Cette fête nous rappelle quelle est notre mission : témoigner de notre amour pour Jésus-Christ, et par conséquent aimer son corps vivant aujourd'hui, c'est-à-dire l'Eglise : l'Eglise composée de pierres vivantes, de ceux qui ont été rachetés au prix du précieux Sang du Rédempteur.
Jésus dit dans l'Evangile (Mt 10, 38) : "Celui qui ne prend pas sa croix et ne me suit pas n'est pas digne de moi". Le Christ ne nous demande pas d'honorer sa croix, mais de l'imiter, de le suivre, chacun de nous prenant sa propre croix. Cela signifie aussi offrir notre vie en la donnant à Dieu et à nos frères et sœurs, sans condition, sans réserve.
Cela signifie également pour nous d'accepter le paradoxe de la Croix : la victoire que nous obtiendrons sur le monde sera directement proportionnelle à la défaite apparente que nous subirons, au sacrifice de nous-mêmes que nous offrirons. La Croix signifie abandonner nos façons humaines de voir et de juger pour entrer dans la logique de Dieu : "Mes voies ne sont pas vos voies, mes pensées ne sont pas vos pensées" (Es 55,8).

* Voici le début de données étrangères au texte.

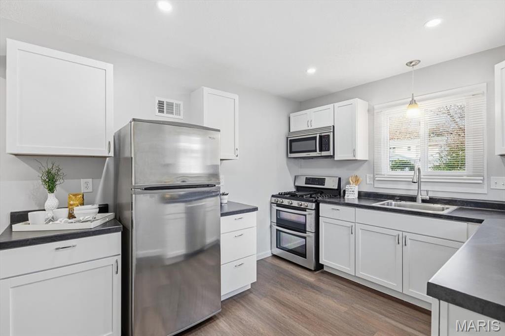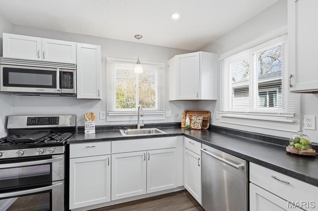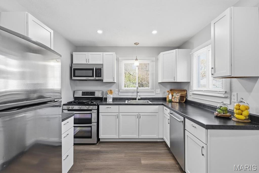 Home for the holidays! Welcome to the charming 689 Conover Lane! This lovely, move-in ready 3-bedroom ranch has been completely updated inside and out with beautiful luxury vinyl plank flooring, fresh paint, updated lighting, new windows, siding, roof and gutters and new HVAC system and hot water heater. The gorgeous bright white kitchen features stainless steel appliances, white shaker style cabinetry, new countertops and opens up to the light-filled spacious family room. The bathroom features new shower, vanity and lighting. Enjoy the large fenced, private backyard with shed and secluded lot which is the last on the lane and offers a walking trail to nearby Sanders Park. All of this offered in the sought-after the Lindbergh School District and close to Highway 44! Schedule a showing today and make this quaint home yours for the New Year!
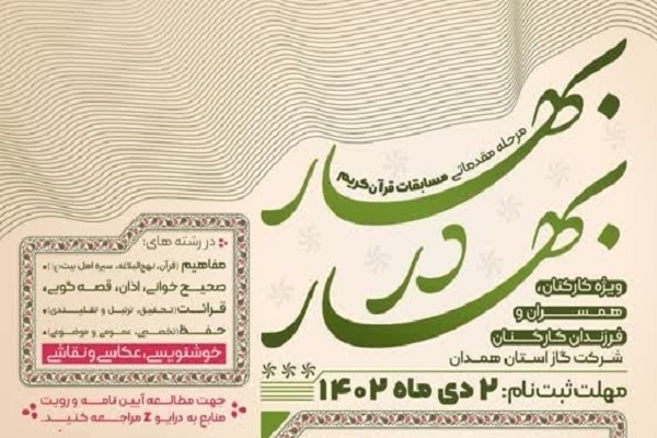 به گزارش ایکنا، آخرین مهلت شرکت در مرحله مقدماتی پانزدهمین دوره مسابقات قرآن «بهار در بهار» ویژه کارکنان و همسران شرکت ملی گاز ایران تا دوم دیماه ۱۴۰۲ است.
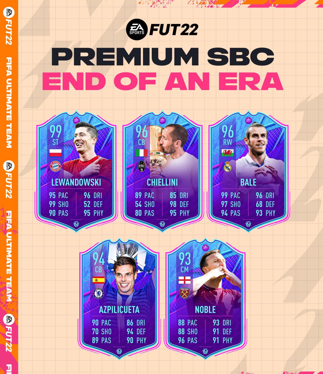 В конце текущего сезона очень много претендентов на получение карты «Конец эпохи» в FUT 22: Роберт Левандовски, Джорджо Кьеллини, Гарет Бейл, Сесар Аспиликуэта, Марк Нобл, Пауло Дибала, Марсело.
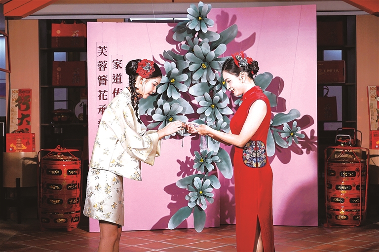 在“簪花承礼”仪式中,母亲为女儿亲手佩戴芙蓉菊发饰的瞬间,既寄托了对女儿成长的期盼,也承载着家族智慧的无声传递。在簪艺雅集、家风手札等环节,少女们通过亲手制作香囊耳环、书写家风寄语,进一步深化对“美与礼”的理解。活动中还开展祈愿花寻宝活动,将簪花习俗与八卦街本地文化结合,让母女在探访闽南家风节点的过程中,感受民俗礼仪与地域文化的交融之美。
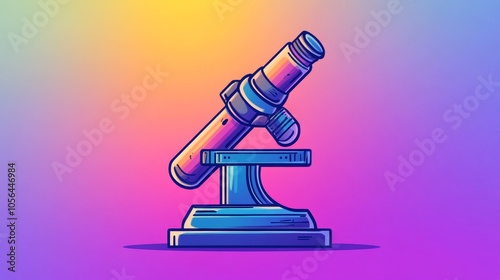 Microscope icon, gradient background transitioning through vibrant hues, minimalistic flat design, sharp lines with a modern scientific aesthetic

Oui, nous sommes liés à cette croix. Nous ne pouvons pas l'ôter de notre horizon. Nous aussi, nous sommes cloués sur cette croix, comme l'humanité toute entière. La liturgie d'aujourd'hui nous invite à faire nôtre cette croix, à nous retrouver, en tant qu'hommes et femmes, dans ce morceau de bois. Nous n'avons pas d'échappatoire et nous ne pouvons pas nous soustraire à cette vérité : dans la croix, le Christ fait de nous des hommes comme lui, des hommes de douleur et d'offrande. Et avec nous sont cloués sur cette croix nos infamies, nos péchés et nos peurs.
Dans cette croix, en somme, nous trouvons toute l'humanité souffrante : les injustices, les guerres, les abus, les humiliations, le cri de douleur de chacun.

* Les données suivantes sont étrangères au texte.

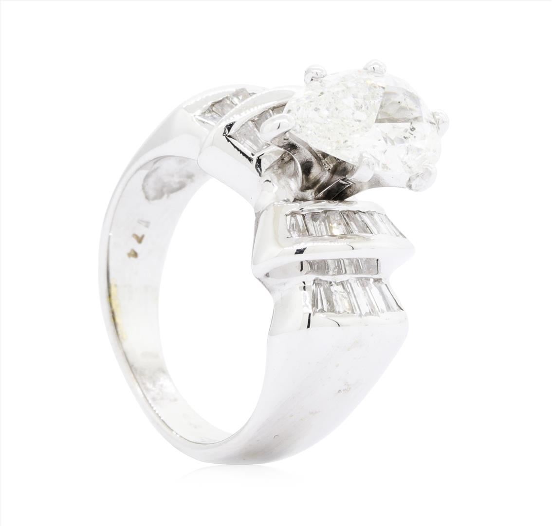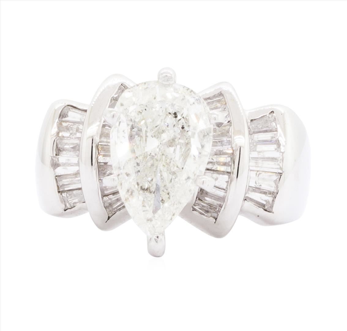 One electronically tested 14KT white gold lady's cast fashion ring with a tapered shank with a bright polish finish. The featured lady's ring has a bow motif and a shank measuring 3.30 millimeters wide. Identified with markings of '14K'. Condition is like new, good workmanship. Containing: One prong set pear shaped cut diamond, measuring 10.90 x 7.20 x 4.20mm (depth est.) approximate weight of 2.02ct. Graded in the setting. Color I Clarity I-1 Cut Good Twenty-Seven channel set baguette cut diamonds, measuring from 2.30 x 1.40 x 1.19mm (depth est.) to 2.40 x 1.60 x 1.36mm (depth est.) approximate total weight of 27 Stones = 1.05ct. Graded in the setting. Color H - I Clarity I-1 to I-2 Cut Good. Total Weight of Diamonds 3.07ct.. Total Weight of Ring 8.10gm GAS Appraised.
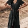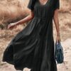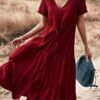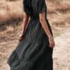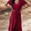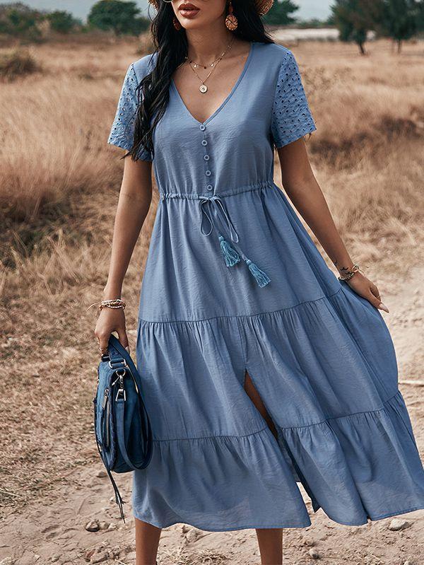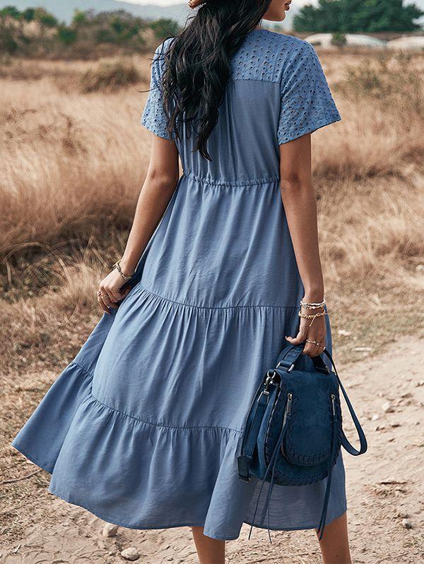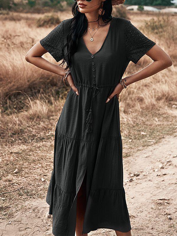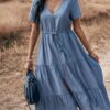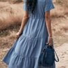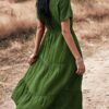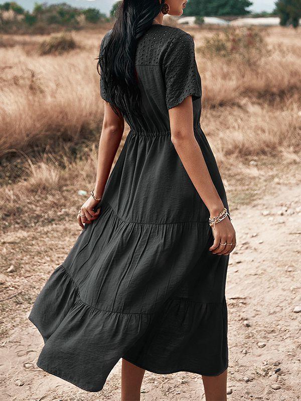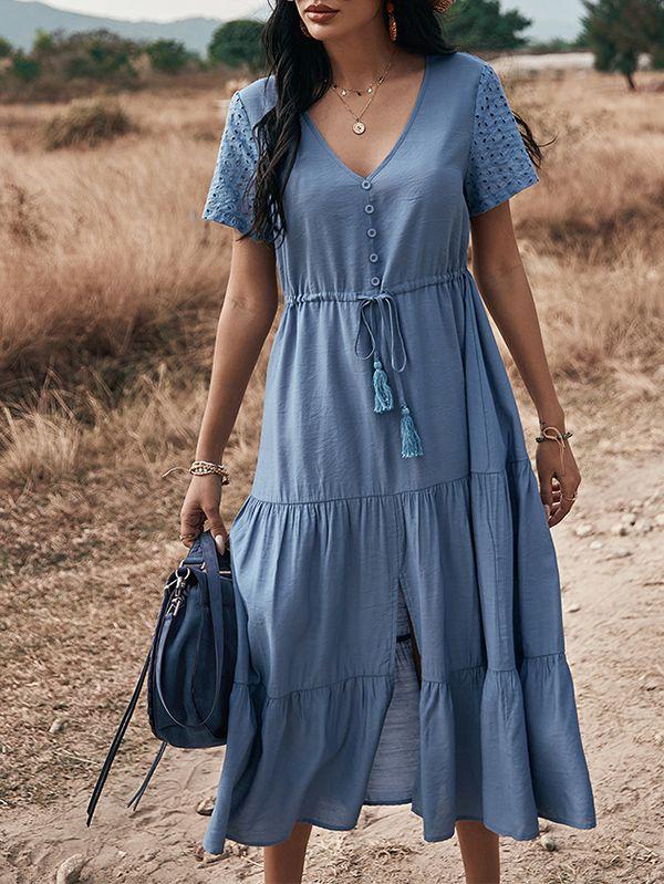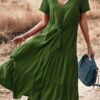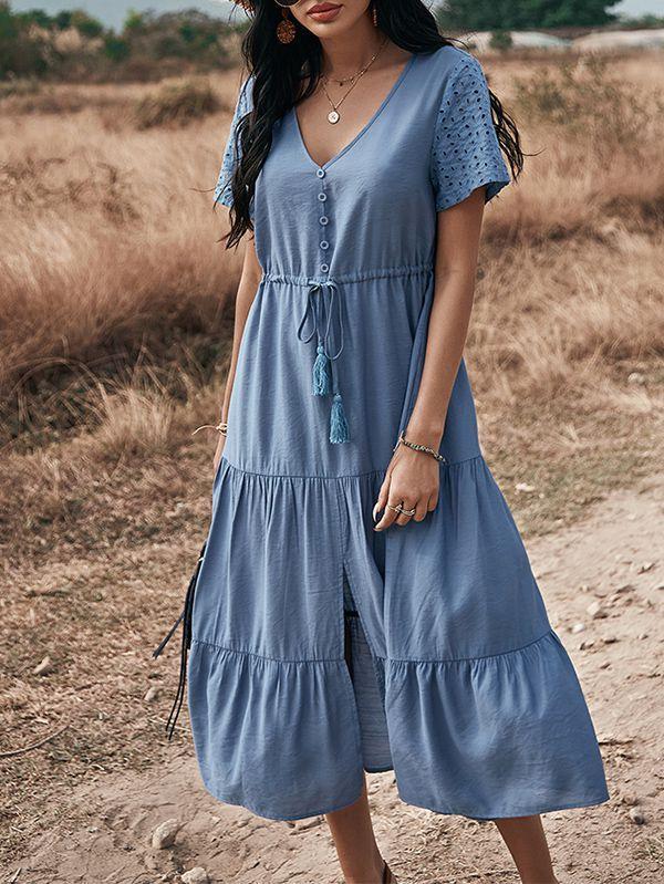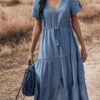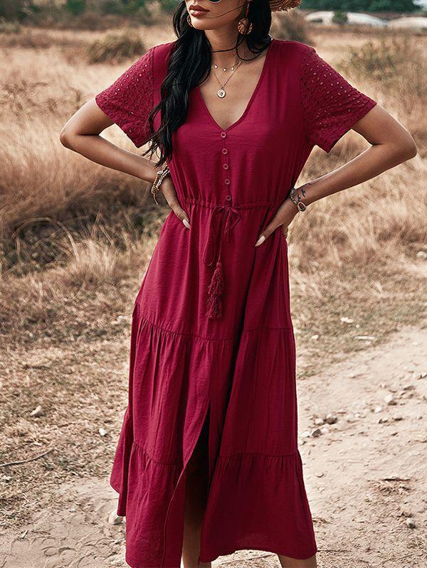 - Solid color button v neck tiered midi dress
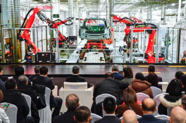 在奥迪一汽新能源公司长春基地,高度自动化的生产场景令人瞩目。12万平方米的总装车间里,看不到几名工人。物流区内,数百台自动搬运机器人精准配送物料。焊装车间824台机器人实现焊接100%自动化。300余套高精度拧紧设备覆盖整车574个关键螺栓点位。全程智能化协同作业下,每两分钟便有一台新能源汽车驶下生产线。
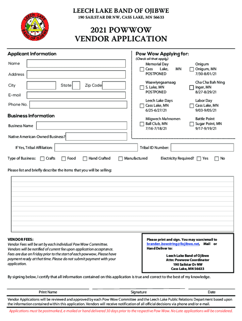 LEECH LAKE BAND OF OJIBWA 190 SAIL STAR DR NW, CLASS LAKE, MN 566332021 POWWOW VENDOR APPLICATION Applicant Information Wow Applying for: (Check all that apply)Immemorial Day Class Lake, POSTPONEDAddress
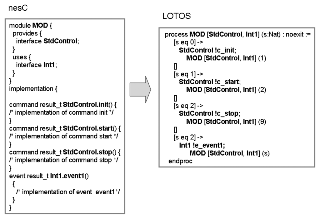 The choice of LOTOS has been based on some facts. Firstly, it is a ISO standard specially designed for describing the behaviour of concurrent systems like nesC applications. Secondly, the way LOTOS applications are structured (hierarchically) is very similar to the way the applications are organised in nesC. Finally, the expressiviness of LOTOS enables us to specify the application in many different levels of abstraction, which facilitates to treat with the complexity of nesC applications.
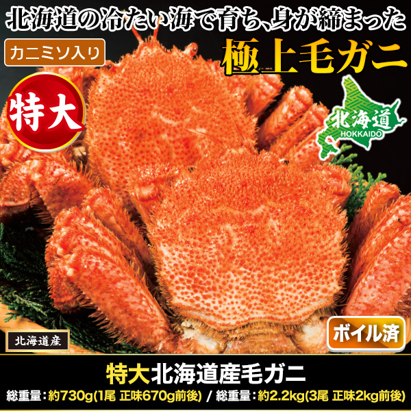 商品説明 | 北海道の冷たい海で育ち、身が締まった旨味抜群の極上毛ガニ! ぎっしり身が詰まり、たっぷりの味噌が入った最高級品で身が詰まって旨み抜群です! 北海道で水揚げされた毛ガニは3~5月に旬の時期を迎え、ぎっしり身が詰まり、たっぷりの味噌が入った最高級品です。 |
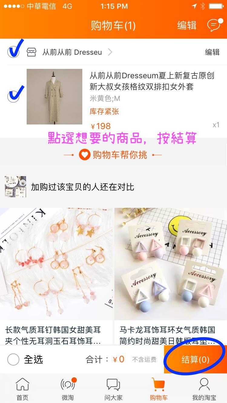 要結帳時,進到購物車,點選商品,再按結算。

Mais si, dans la croix, le Christ fait de nous des hommes comme lui, elle devient alors aussi notre modèle d'action et de référence : le Christ, depuis la croix, depuis ce lieu de douleur injuste, invoque le pardon pour ceux qui le crucifient, donne le paradis au bon larron. Sur la croix, le Christ est nu.
Il existe également une autre croix : celle du mauvais larron, celui qui n'accepte pas la douleur et la mort, qui blasphème. Ce n'est pas vers cette croix que nous devons nous tourner.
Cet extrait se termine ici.